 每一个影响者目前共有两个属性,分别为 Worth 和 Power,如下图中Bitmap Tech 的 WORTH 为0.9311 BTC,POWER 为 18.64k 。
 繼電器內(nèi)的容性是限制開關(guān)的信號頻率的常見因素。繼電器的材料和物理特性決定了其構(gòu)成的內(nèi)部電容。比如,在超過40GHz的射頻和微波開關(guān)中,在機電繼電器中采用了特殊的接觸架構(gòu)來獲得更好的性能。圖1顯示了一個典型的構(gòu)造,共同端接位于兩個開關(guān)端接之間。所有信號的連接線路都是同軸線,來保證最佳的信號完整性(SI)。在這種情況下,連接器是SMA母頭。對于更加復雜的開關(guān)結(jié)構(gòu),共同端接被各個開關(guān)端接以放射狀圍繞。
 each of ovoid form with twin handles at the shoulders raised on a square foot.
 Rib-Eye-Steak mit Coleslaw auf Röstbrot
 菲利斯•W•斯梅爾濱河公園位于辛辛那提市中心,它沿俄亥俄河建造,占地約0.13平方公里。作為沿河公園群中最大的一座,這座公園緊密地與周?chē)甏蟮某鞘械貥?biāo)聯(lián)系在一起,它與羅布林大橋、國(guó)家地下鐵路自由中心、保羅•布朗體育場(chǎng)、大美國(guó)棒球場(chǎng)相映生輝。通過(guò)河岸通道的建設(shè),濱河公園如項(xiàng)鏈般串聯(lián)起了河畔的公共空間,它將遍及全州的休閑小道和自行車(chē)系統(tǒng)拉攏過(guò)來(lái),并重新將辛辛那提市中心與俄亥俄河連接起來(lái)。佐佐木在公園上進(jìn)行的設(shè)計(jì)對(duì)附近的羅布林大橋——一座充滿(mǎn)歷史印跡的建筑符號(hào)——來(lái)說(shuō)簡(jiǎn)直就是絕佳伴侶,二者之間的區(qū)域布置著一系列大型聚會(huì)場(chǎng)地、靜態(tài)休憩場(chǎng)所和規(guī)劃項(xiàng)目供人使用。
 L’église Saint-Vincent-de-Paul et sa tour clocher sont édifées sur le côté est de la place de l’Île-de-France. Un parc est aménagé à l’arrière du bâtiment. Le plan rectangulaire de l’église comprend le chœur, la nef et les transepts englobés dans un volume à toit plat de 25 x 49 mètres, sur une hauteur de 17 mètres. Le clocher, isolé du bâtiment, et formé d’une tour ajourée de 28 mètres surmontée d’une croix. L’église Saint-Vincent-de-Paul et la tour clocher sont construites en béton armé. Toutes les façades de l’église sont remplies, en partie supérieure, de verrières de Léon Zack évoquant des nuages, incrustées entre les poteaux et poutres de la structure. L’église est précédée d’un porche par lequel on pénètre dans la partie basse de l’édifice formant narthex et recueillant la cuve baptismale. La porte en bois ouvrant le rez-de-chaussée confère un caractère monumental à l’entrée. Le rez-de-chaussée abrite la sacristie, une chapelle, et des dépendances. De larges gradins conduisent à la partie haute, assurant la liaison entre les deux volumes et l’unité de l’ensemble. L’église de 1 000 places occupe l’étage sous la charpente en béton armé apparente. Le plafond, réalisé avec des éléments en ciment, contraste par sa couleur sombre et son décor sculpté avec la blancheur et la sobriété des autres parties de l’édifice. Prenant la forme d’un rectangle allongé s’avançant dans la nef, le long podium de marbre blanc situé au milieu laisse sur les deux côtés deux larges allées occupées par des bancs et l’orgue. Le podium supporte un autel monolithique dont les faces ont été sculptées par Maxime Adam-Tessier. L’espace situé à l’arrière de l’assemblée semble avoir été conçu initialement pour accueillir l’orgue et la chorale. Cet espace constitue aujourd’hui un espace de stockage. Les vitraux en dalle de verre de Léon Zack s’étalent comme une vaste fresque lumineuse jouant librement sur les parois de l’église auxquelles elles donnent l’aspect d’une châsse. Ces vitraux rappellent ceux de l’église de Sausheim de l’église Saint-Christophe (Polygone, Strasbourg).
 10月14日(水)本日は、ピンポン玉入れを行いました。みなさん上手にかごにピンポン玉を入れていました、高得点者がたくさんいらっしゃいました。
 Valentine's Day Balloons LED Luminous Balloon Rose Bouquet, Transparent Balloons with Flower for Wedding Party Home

---

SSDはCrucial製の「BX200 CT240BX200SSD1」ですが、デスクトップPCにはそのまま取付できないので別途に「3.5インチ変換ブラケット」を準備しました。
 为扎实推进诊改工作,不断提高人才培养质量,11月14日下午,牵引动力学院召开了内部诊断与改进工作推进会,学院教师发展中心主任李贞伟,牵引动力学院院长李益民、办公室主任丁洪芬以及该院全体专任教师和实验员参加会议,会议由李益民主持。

---

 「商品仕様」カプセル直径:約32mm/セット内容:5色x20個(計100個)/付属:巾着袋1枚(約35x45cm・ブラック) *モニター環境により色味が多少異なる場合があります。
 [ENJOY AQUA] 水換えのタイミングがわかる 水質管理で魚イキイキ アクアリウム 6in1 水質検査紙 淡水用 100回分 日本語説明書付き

• Task objective:
Keeping every character as it is, restate the lines above that run from the line with "10月14日(水)本日は、ピ" through the line with "Valentine's Day Balloons", both included, and nothing else.

• Response area:
 10月14日(水)本日は、ピンポン玉入れを行いました。みなさん上手にかごにピンポン玉を入れていました、高得点者がたくさんいらっしゃいました。
 Valentine's Day Balloons LED Luminous Balloon Rose Bouquet, Transparent Balloons with Flower for Wedding Party Home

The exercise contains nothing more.